I balance her on my hip and walk carefully down the steps. We are on a trek to find washcloths for bathtime which, surprisingly, are clean. But never quite made it out of the the laundry room.
As we make our way she spots him.
“He’s still here!” she points to Charlie, our shelf elf, still hanging from that day’s spot.
“Yep! He hasn’t left yet!”
“He’ll go when we’re sleeping.” she tells me.
“Yes, that’s right!” I assure her.
And I have to admit, I find the whole thing amazing.
Our Charlie, and all elves on shelves around the world right now, are nothing more than a bit of plastic and some felt. They are not particularly well made. It probably cost less to make him than any one of her toys.
And yet, she believes.
She believes that he is magic. To her, he is not a doll. He is not bit of plastic and felt sewn together. He is an elf. A magic elf. And every night, after she is asleep, he travels back to the North Pole. And every morning, before she wakes, he finds a new place to sit in our home. And he waits for her to find him.
She wishes him good mornings and good nights. She checks on him throughout the day. She plans to draw a picture for him to take back to Santa.
She believes the tale with all of her heart.
But I look at that elf and I just don’t get it. I don’t get how something so small and simple can hold all of that magic. I don’t get how she believes.
And then there is the rest. All year long, we strive to create magic for her. To create memories. To fill her heart with the joys of an amazing childhood. We work really hard at it. Planning elaborate trips and intricate parties. Finding involved crafts and recipes and projects. We work really hard.
And then December comes and brings Charlie with it. And for 24 days, we move this little guy from place to place and she is enchanted.
And I realize. The effort we put in all year long is not for nothing. The trips and parties and crafts – they are important and she gains from them.
But when I watch her search for Charlie, I realize. It doesn’t take much to engage her imagination.

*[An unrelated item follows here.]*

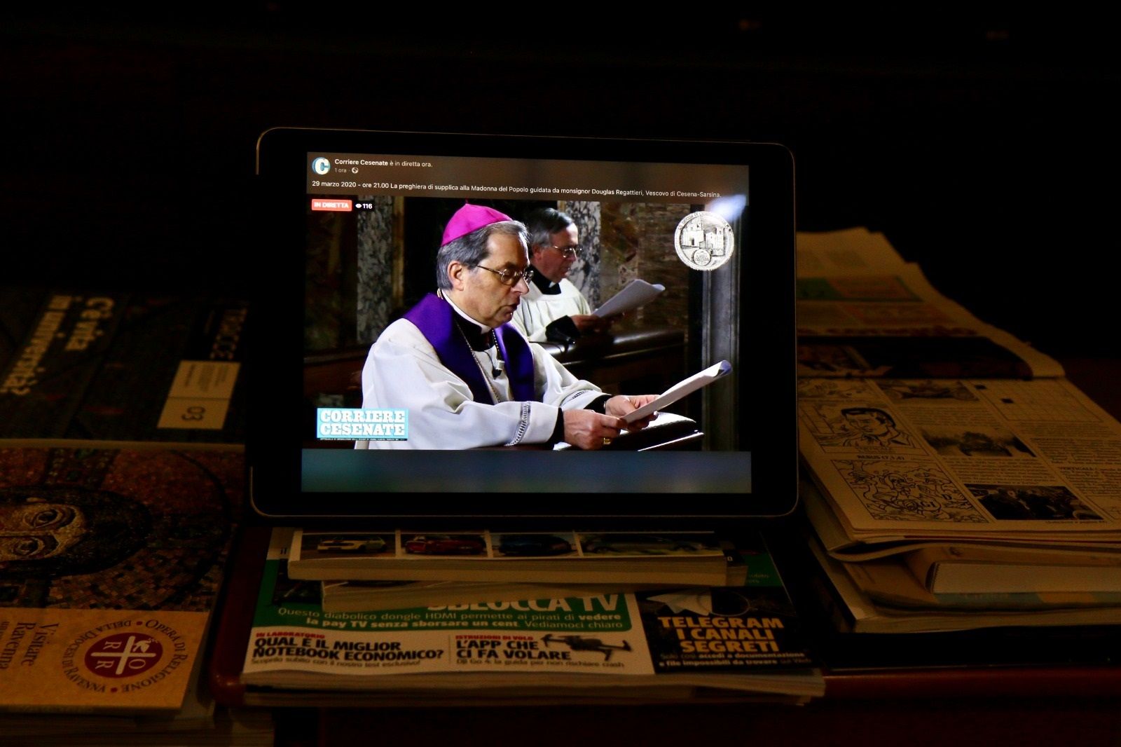 Ripeto che la celebrazione feriale e festiva della Santa Messa è permessa solo con poche persone (massimo 3-4 persone); sottolineo che la video trasmissione può aiutare i fedeli a stare in comunione non solo con il proprio parroco ma anche tra i fedeli della medesima parrocchia. Chiedo tuttavia che, almeno quella festiva, sia una celebrazione dignitosa e ben curata: anzitutto sia trasmessa ‘in diretta’ e non registrata; in questo modo è meglio favorita la ‘partecipazione’ che è molto di più di un semplice ‘assistere’, tanto meno un ‘vedere’ o ‘sentire’ la Santa Messa; con omelia, preghiera dei fedeli e il necessario servizio liturgico; e cioè: un lettore, un accolito o ministrante, un cantore e – dove è possibile – un organista. Sottolineo anche che a coloro che guardano la televisione o utilizzano altri supporti informatici è chiesta una ‘partecipazione’ convinta e continua, non distratta o parziale perché interrotta da altre incombenze.

It doesn’t take much to create a sense of wonder so glorious that her eyes widen with delight and her feet can’t keep from bouncing her tiny body around the house. The pressure we put on ourselves to go crazy with plans is self inflicted. An afternoon with a cardboard box and some markers is enough. A few sways on the swing, when we pretend the swing is a rocket ship taking us to the moon, is enough. An afternoon cuddled on the couch reading book after book after book is enough. A little bit of felt and plastic in the shape of an elf is enough.
Creating magic and memories and a childhood of wonder for our children is so much easier than we make it out to be. And that is a certain kind of magic all on it’s own.
She looks at Charlie and believes he is magic. And when I look at him through her eyes, I believe it too.